He has exhibited widely at museums, galleries, universities, and libraries among them the Queens Museum of Art, Islip Art Museum, the Hammond Museum, JCAL, the Aicon Gallery, The Guild Art Gallery, the Twelve Gates Art Gallery in Philadelphia, the Visual Arts Center of New Jersey, and the galleries at University of Connecticut, Penn College, and Stony Brook University.
Anujan Ezhikode was raised in a rural community, in India, where all aspects of daily life were intertwined with religious and folk rituals, which combined music, dance, theater, and visual art. This experience was further augmented by his training in the classical theater arts at the Kerala State Academy of Arts (the Kerala Kalamandalam). This background of vibrant color, movement, and images distilled in him and still appears as a constant residue in his work. Some opportunities that helped grow his artistic aesthetic in the US were a “Diverse Forms Artists Projects Regional Initiative Grant”, a “Project Studio Program Residency at Painting Space 122”, an installation for the “Mid-Manhattan library Art in Windows series” and a “Manhattan Graphics Center Fall Printmaking Scholarship”.
In 2009, he was one of six artists whose work and words were featured in an audio, video, and live presentation for the National Day of Listening at the NYPL on Fifth Avenue. The interview material is archived at the Library of Congress. In 2010, his solo show “Journey Through Broken Bubbles” was held at the UUFH Gallery in Huntington, NY and he was the featured artist at the Brooklyn Waterfront Artists Coalition’s show “Lineage” where he presented an installation, print and painting project, “Transparent Space”. Among the many exhibits he participated in 2011 were the Brooklyn Waterfront Artists Coalition’s show “Wide Open 2” juried by Nathan Trotman, curator, Solomon R.Guggenheim Museum and the Newark Annual Arts Festival’s Invitational Artist Exhibition “ IRONBOUND UNBOUND #2”.
My work deals with cultural identity, displacement and memory. I am reinterpreting that familiar place which overtime can’t help but be altered and reimagined. As the past unwinds, there is a longing to reconnect. Connections once broken become retied and memories long hidden resurface. Color, images, and time all intersect with an absence of boundaries.
My earliest influences of Indian temple arts, folk and religious rituals, and classical music and dance fuels the narrative in my work. All of these art forms, especially my theatrical training, taught me the importance of having movement, light, and color in my visual vocabulary.
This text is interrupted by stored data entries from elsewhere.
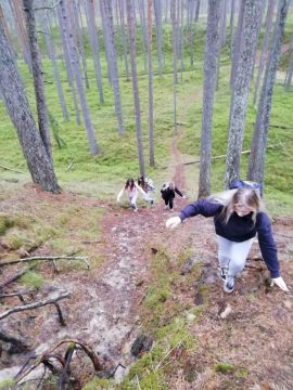Bijām nogājuši grūtāko ceļa posmu, aptuveni 7km pa ceļa segumu, kas slodzi dubultoja, jo pēdas grima gan slapjajā smiltī, gan meža sūnās. Bet no mūsu jauniešiem nebijām dzirdējuši nevienu nevaru, grūti, vai varam pa citu ceļu… Atlikušie 6 km līdz Carnikavas novadpētniecības centram jau bija tīrais nieks, caur ciematu, pa ceļam vērojot interesantus ielu nosaukumus- Ozona, Slāpekļa, Metāns, Radona. Kāpēc tādas būtu interesanti uzzināt! Tālāk gar dzelzceļa staciju, pāri garākajam gājēju tiltam pāri Gaujai! Pēdējie 200 ceļa metri mūs sagaidīja ar varenu lietusgāzi!
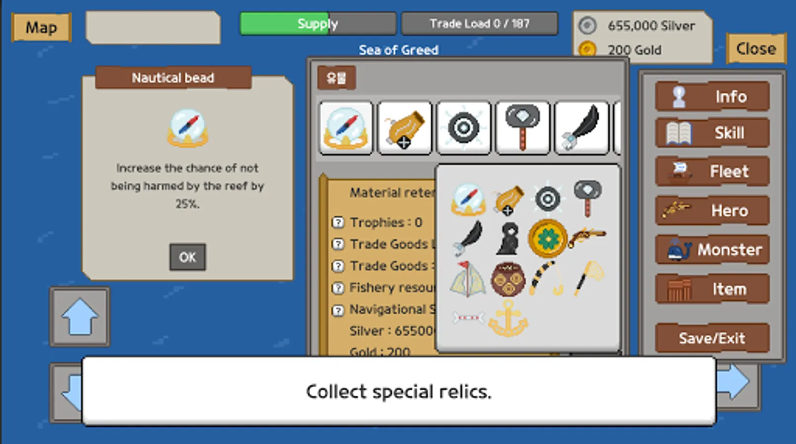 Clearing is possible only by gathering ships, monsters, heroes, relics, etc. and building a strong fleet.
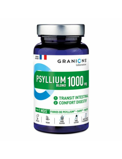 Le PSYLLIUM 1000 mg de Granions est dédié au transit. La formule est hautement dosée en psyllium qui facilite le transit intestinal. La formule est également complétée par du carvi, actif reconnu pour aider à limiter les inconforts digestifs tels que les ballonnements, ainsi que du pruneau, de la mauve et du magnésium.

By using materials that also have history, whether layering image over image, working with recycled paper, found materials, or borrowed fabrics each contributes, in its own way, to this idea of the past unraveling. They bring an already existing personal imprint.
Flow and fragmentation, obscuring and revealing; my work explores the way we are confronted by a world that seems veiled to us. Words and images are hidden. We are well aware of what lies behind the curtain; it is part of our memory. You can walk through it, it is always visible…you are only adding your own new layers, one at a time.